Your assignment ::
From the line containing "Sunset storm over" through the last line of the material, copy every line exactly, both ends inclusive; do not copy pictures.

--- Dataset entries ---

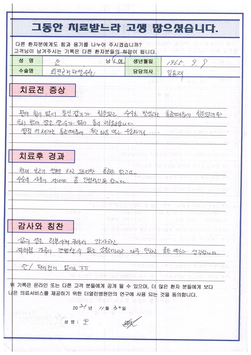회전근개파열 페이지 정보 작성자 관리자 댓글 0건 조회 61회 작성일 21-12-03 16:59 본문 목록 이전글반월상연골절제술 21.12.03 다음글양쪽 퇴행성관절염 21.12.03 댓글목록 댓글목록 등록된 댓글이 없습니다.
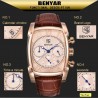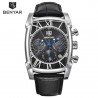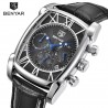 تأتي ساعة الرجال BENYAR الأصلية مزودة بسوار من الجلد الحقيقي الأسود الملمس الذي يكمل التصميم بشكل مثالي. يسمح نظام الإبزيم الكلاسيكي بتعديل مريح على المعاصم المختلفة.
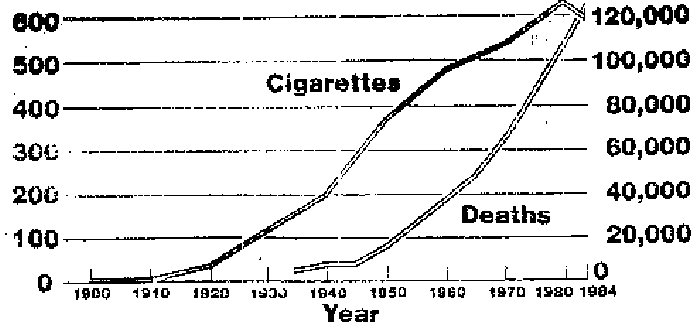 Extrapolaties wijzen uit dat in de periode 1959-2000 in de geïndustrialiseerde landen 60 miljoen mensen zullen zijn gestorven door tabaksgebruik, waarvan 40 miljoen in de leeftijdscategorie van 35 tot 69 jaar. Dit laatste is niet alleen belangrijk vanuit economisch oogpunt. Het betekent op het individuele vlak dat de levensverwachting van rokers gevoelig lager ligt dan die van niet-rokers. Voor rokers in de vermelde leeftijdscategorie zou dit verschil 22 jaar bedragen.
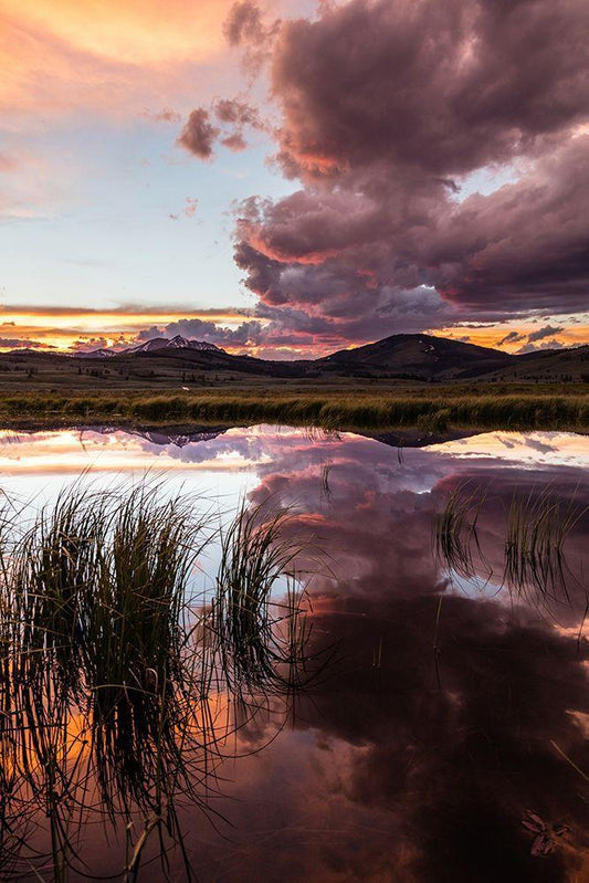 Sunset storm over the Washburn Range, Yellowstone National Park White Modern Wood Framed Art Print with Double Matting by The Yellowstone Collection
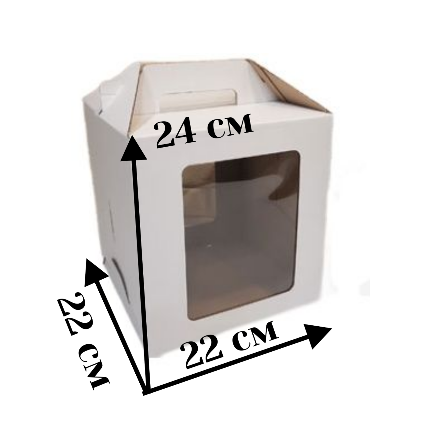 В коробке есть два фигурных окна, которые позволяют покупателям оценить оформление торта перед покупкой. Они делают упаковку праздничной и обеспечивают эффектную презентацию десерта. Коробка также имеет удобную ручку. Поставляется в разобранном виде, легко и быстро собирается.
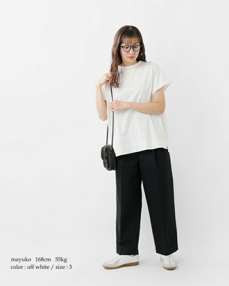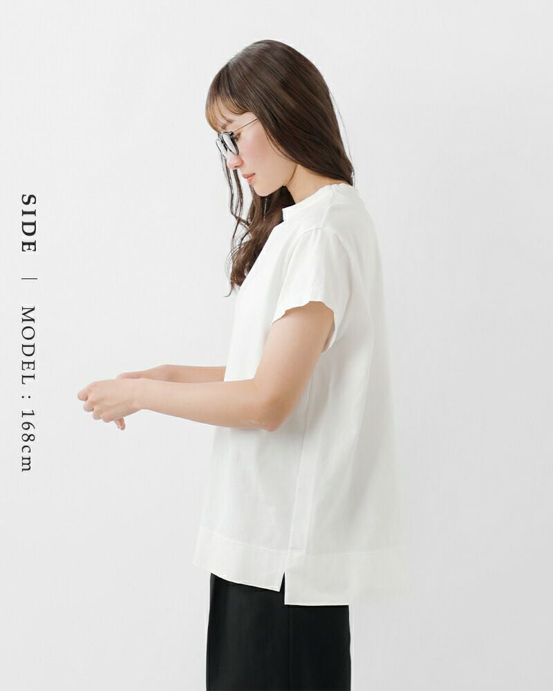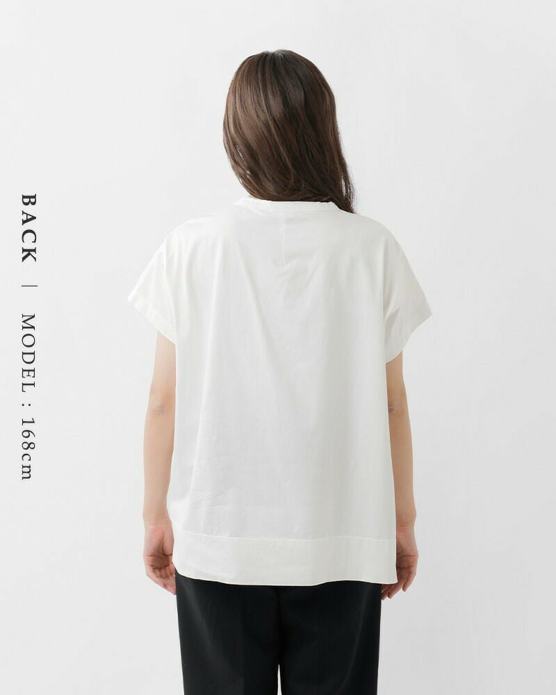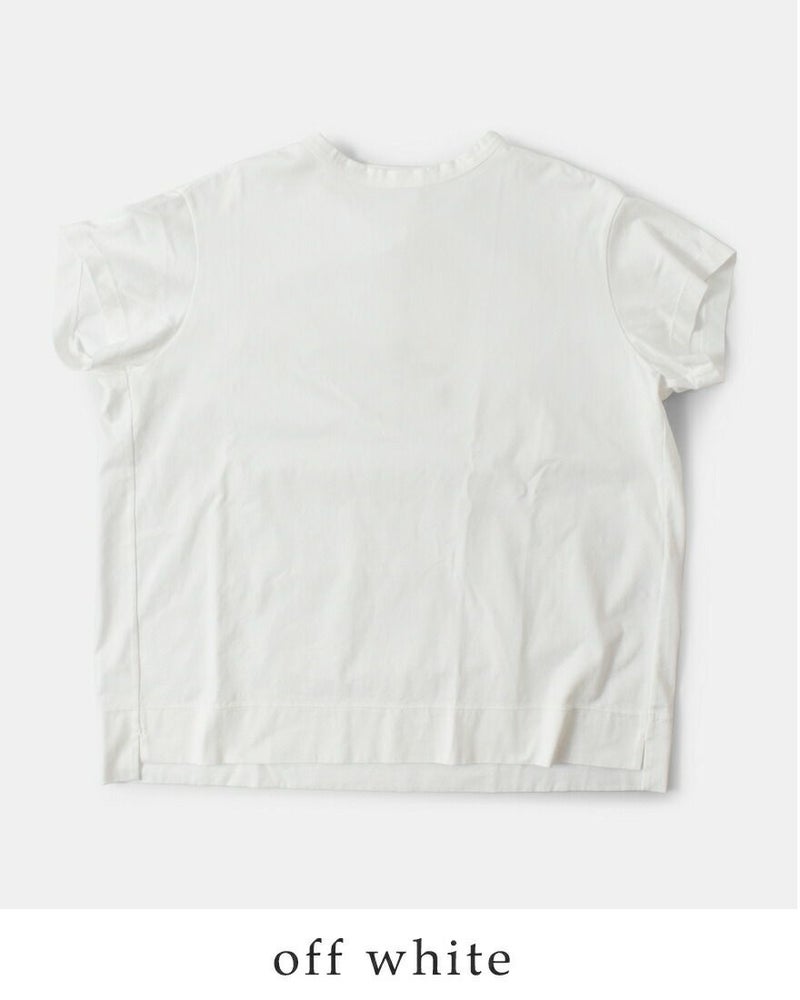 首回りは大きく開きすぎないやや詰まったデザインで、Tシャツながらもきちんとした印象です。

---

Exercise result ::
 Sunset storm over the Washburn Range, Yellowstone National Park White Modern Wood Framed Art Print with Double Matting by The Yellowstone Collection
 В коробке есть два фигурных окна, которые позволяют покупателям оценить оформление торта перед покупкой. Они делают упаковку праздничной и обеспечивают эффектную презентацию десерта. Коробка также имеет удобную ручку. Поставляется в разобранном виде, легко и быстро собирается.
 首回りは大きく開きすぎないやや詰まったデザインで、Tシャツながらもきちんとした印象です。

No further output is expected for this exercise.